Division of Gastroenterology and Hepatology, Department of Medicine, University of California, San Francisco, San Francisco, California, USA.
Department of Epidemiology and Biostatistics, University of California, San Francisco, San Francisco, California, USA.
Alcohol Clin Exp Res. 2022 Jan;46(1):87-99. doi: 10.1111/acer.14743. Epub 2021 Nov 23.
Alcohol, insulin resistance (IR), and hepatitis C (HCV) are all significant contributors to adverse outcomes of chronic liver disease. Latinos are disproportionately affected by these risk factors. We investigated the relationship between alcohol use and insulin action in a prospective cohort of Latino individuals with and without HCV.

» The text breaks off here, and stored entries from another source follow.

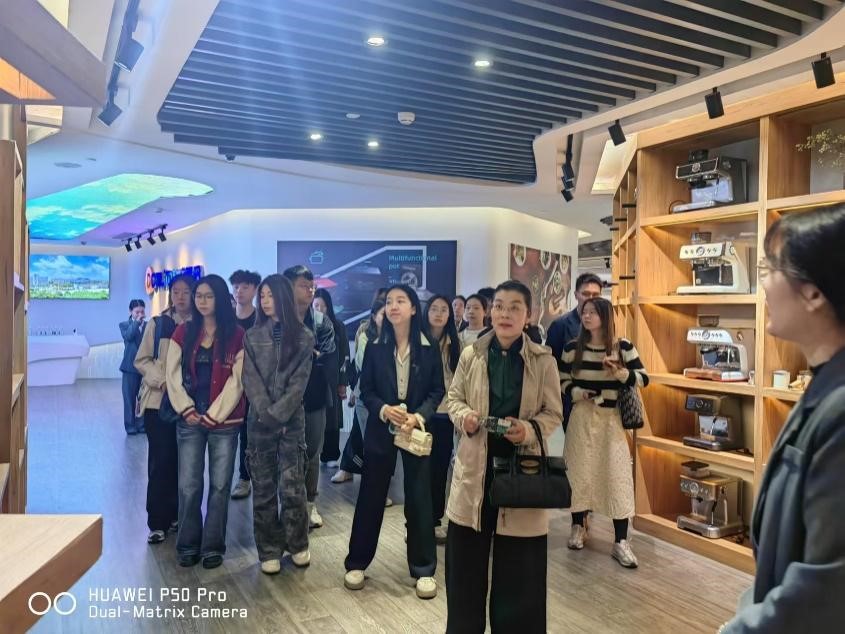 访问期间,邹丹介绍起公司概况,让师生们对广东新宝电器股份有限公司有了更为深入的认知。广东新宝电器股份有限公司自 1995 年创立以来,一路砥砺前行,逐步在小家电领域站稳脚跟,如今已然成长为行业内的领军“巨擘”。公司业务版图横跨厨房电器、家居护理电器、婴儿电器、制冷电器到个护美容电器等多元品类,精准覆盖全类目小家电产品,全方位满足消费者的各类生活需求。凭借着对品质的执着追求与持续深耕,新宝电器打造出多款爆款产品,备受市场青睐。在生产布局上,新宝电器极具战略眼光,早早布局三大生产基地,分别坐落于制造业底蕴深厚的顺德、产业资源丰富的滁州,以及具备地缘优势的海外印尼。三大基地联动配合、协同发力,构筑起高效生产网络,源源不断地向全球输送优质产品,夯实了企业坚实的产能根基。不仅如此,新宝电器手握多张“王牌”,构筑起难以复制的核心竞争力。也正因如此,公司得以连续多年在出口总量榜单上独占鳌头,稳居行业第一把交椅,成为中国小家电企业走向世界舞台的闪耀名片。
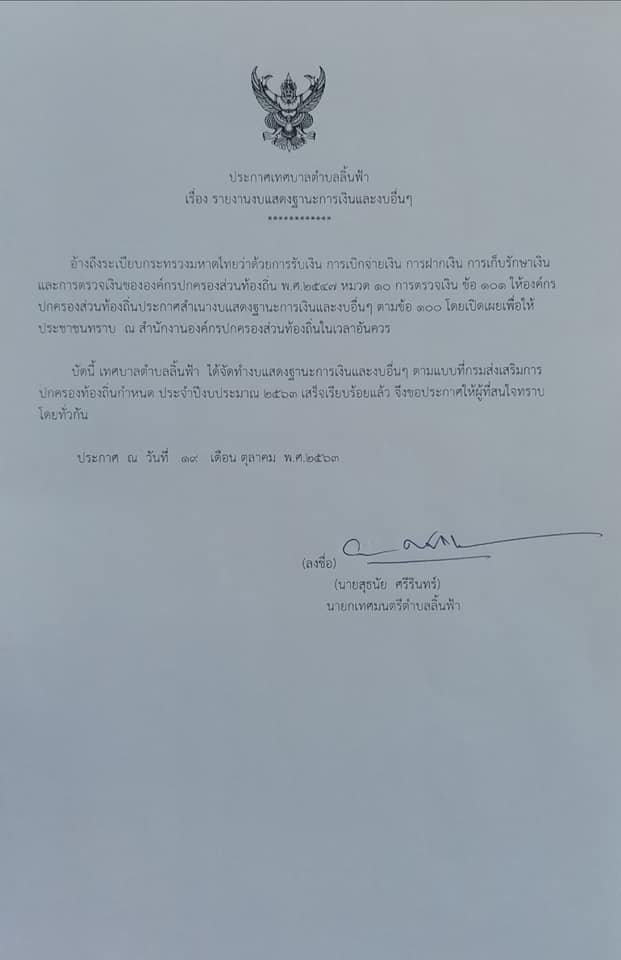 ประกาศเทศบาลตำบลลิ้นฟ้า เรื่อง รายงานงบแสดงฐานะการเงินและงบอื่น ๆ
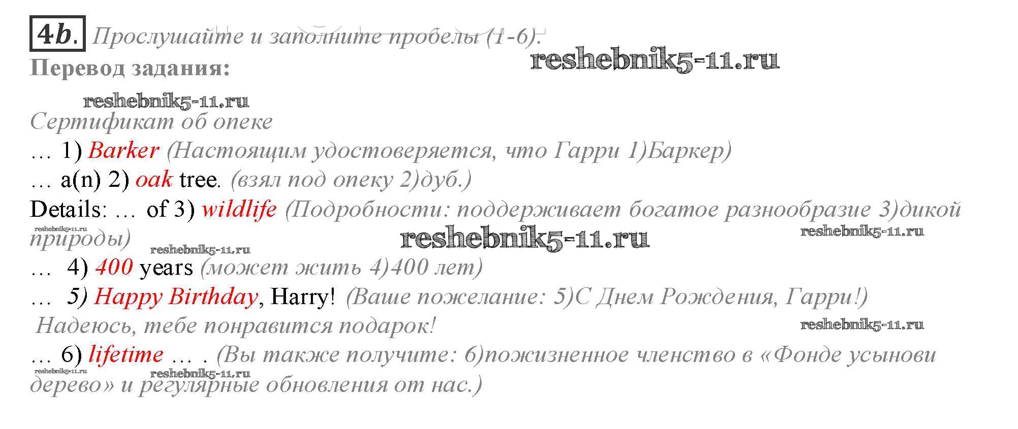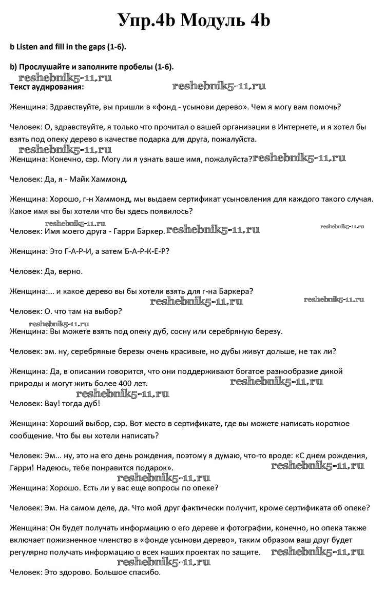 Готовая домашняя работа с ответами по Английскому языку за 10 класс Афанасьева, Дули, Михеева, Оби, Эванс Учебник Spotlight Просвещение 2015 ФГОС - Часть 4b 4b
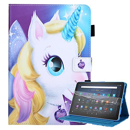 Billionn - Custodia per tablet Kindle Fire HD 10 e HD 10 Plus (11ª generazione, versione 2021) + pellicola protettiva per schermo, con sveglia e spegnimento automatico, motivo: cavallo Linglong
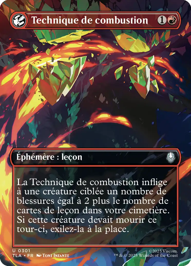 La Technique de combustion inflige à une créature ciblée un nombre de blessures égal à 2 plus le nombre de cartes de leçon dans votre cimetière. Si cette créature devait mourir ce tour-ci, exilez-la à la place.
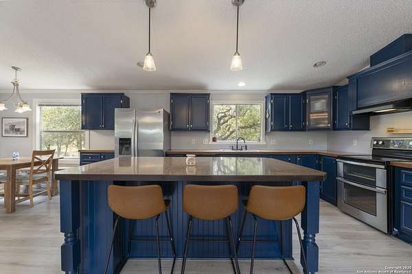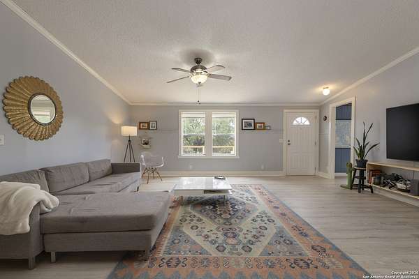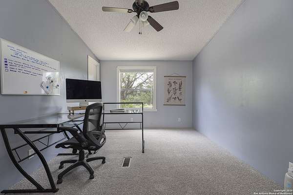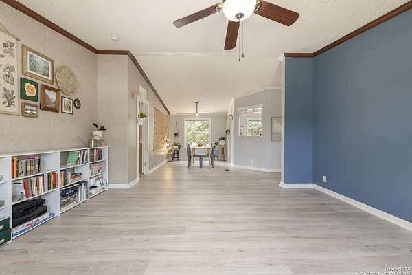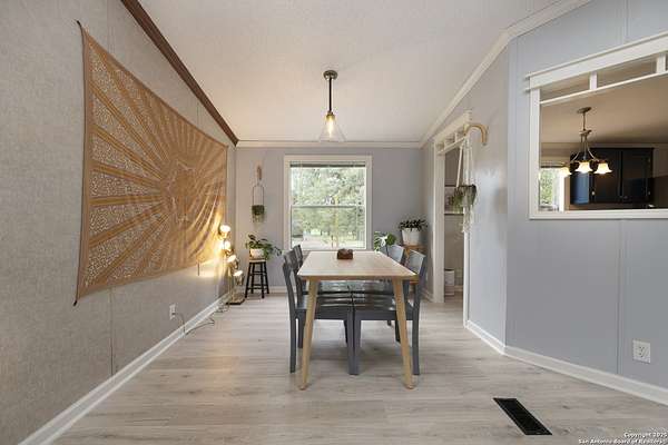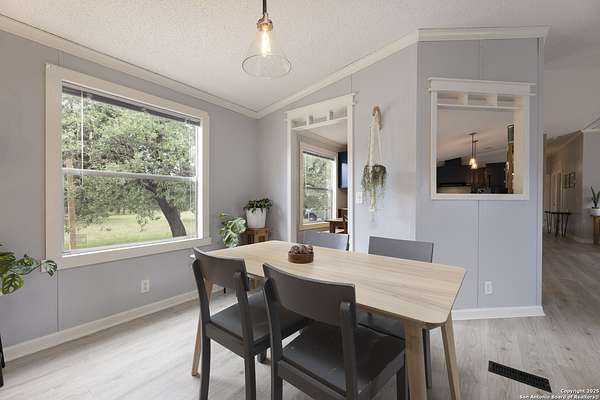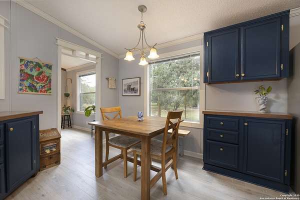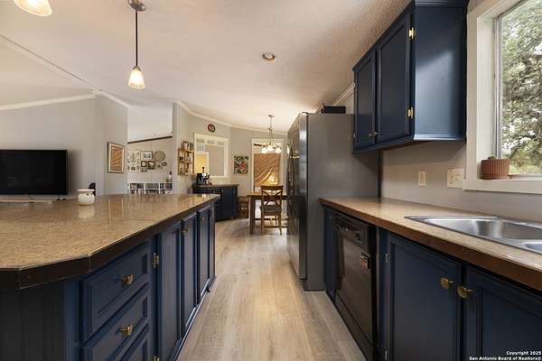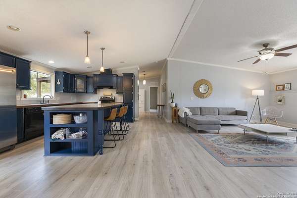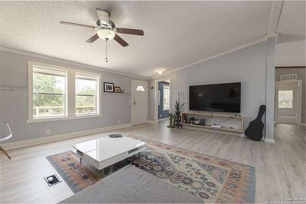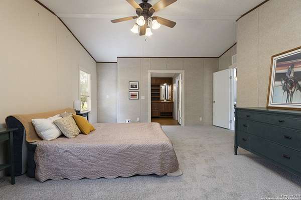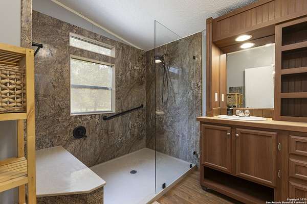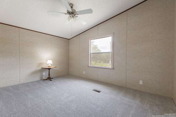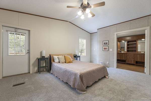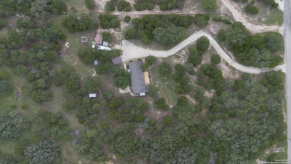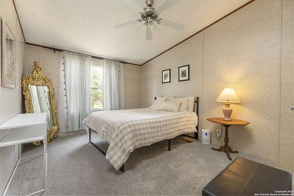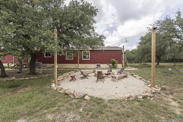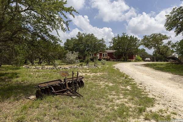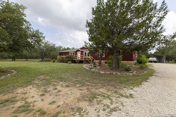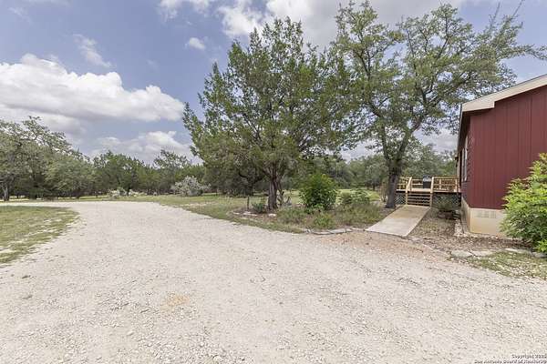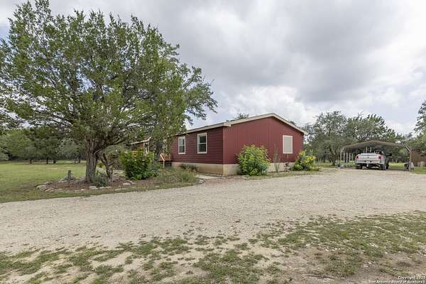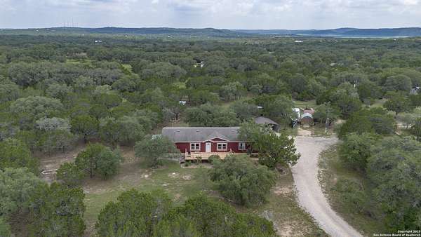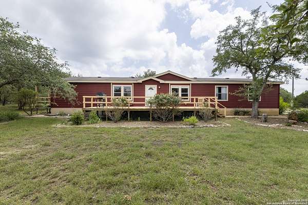 Peaceful Hill Country living on 5.14 private, fully fenced acres! This 4-bed, 2-bath, 2,356 sq ft manufactured home (FHA/VA ready) features an open-concept kitchen, two living areas, and two dining spaces. The oversized primary suite includes private outdoor access, a walk-in closet, and a wheelchair-accessible walk-in shower. Secondary bedrooms offer generous space for family or guests. Enjoy wildlife views from the large front porch or the covered back patio. The property includes a covered carport, multiple open and enclosed sheds, a fire pit area, and primarily flat land-perfect for horses, cattle, or a workshop. A brand-new AC unit was installed this year for year-round comfort. Located in a quiet, gated community near Medina Lake with no HOA restrictions. Ideal for retirees, homesteaders, remote workers, or anyone seeking space and privacy. Beautiful night skies, mature live oaks, and room to spread out-don't miss this rare Hill Country retreat.

One hundred fifty-three nondiabetic Latino individuals (60 HCV+, 93 HCV-) underwent clinical evaluation and metabolic testing; 56 had repeat testing over a median follow-up of 1.5 years. Peripheral IR and hepatic IR were measured via steady-state plasma glucose (SSPG) and endogenous glucose production during a two-step, 240-min insulin suppression test. Insulin secretion (IS) was measured using the graded glucose infusion test. Alcohol use was categorized as none, moderate (≤1 drink/day for women and ≤2 drinks/day for men), and heavy (>moderate). Multivariable models including HCV status assessed associations of alcohol use with baseline SSPG, hepatic IR and IS, and changes in these parameters over time.
Overall, the median age was 44 years, 63.4% were male, 66.7% overweight/ obese, and 31.9% had heavy lifetime alcohol use while 60.4% had moderate lifetime alcohol use. SSPG and IS were similar by levels of alcohol use at baseline and alcohol use was not statistically significantly associated with change in these measures over time. However, lifetime daily heavy alcohol use (vs. not heavy, coef 2.4 μU-mg/kg-min-ml, p = 0.04) and HCV status (coef 4.4 μU-mg/kg-min-ml, p = 0.0003) were independently associated with higher baseline hepatic IR, and current heavy alcohol use was associated with greater change in hepatic IR in follow-up (coef 5.8 μU-mg/kg-min-ml, p = 0.03).
In this cohort of Latino individuals, lifetime and current heavy alcohol use influenced hepatic IR and its change over time. Strategies to decrease rates of heavy alcohol use or increase abstinence along with lifestyle modification and anti-HCV therapy to reduce metabolic risk are critical to prevent adverse liver and metabolic outcomes in Latino individuals.
酒精、胰岛素抵抗(IR)和丙型肝炎(HCV)都是导致慢性肝病不良后果的重要因素。拉丁裔人群受这些风险因素的影响不成比例。我们在一个有和没有 HCV 的拉丁裔个体的前瞻性队列中研究了酒精使用与胰岛素作用之间的关系。
153 名非糖尿病拉丁裔个体(60 名 HCV+,93 名 HCV-)接受了临床评估和代谢测试;56 名个体在中位数为 1.5 年的随访中进行了重复测试。通过稳态血糖(SSPG)和两步 240 分钟胰岛素抑制试验期间的内源性葡萄糖产生来测量外周胰岛素抵抗和肝胰岛素抵抗。使用分级葡萄糖输注试验测量胰岛素分泌(IS)。酒精使用分为无、中度(女性≤1 份/天,男性≤2 份/天)和重度(>中度)。包括 HCV 状态的多变量模型评估了酒精使用与基线 SSPG、肝胰岛素抵抗和 IS 以及这些参数随时间的变化之间的关联。
总体而言,中位年龄为 44 岁,63.4%为男性,66.7%超重/肥胖,31.9%有终生重度饮酒史,60.4%有中度饮酒史。在基线时,酒精使用水平与 SSPG 和 IS 相似,酒精使用与这些措施随时间的变化没有统计学上的显著相关性。然而,终生每日重度饮酒(vs. 不重度,系数 2.4 μU-mg/kg-min-ml,p=0.04)和 HCV 状态(系数 4.4 μU-mg/kg-min-ml,p=0.0003)与较高的基线肝胰岛素抵抗独立相关,目前的重度饮酒与随访中肝胰岛素抵抗的变化更大(系数 5.8 μU-mg/kg-min-ml,p=0.03)。
在这个拉丁裔个体队列中,终生和当前的重度饮酒影响肝胰岛素抵抗及其随时间的变化。减少重度饮酒率或增加戒酒率、改变生活方式以及抗 HCV 治疗以降低代谢风险的策略对于预防拉丁裔个体的不良肝脏和代谢后果至关重要。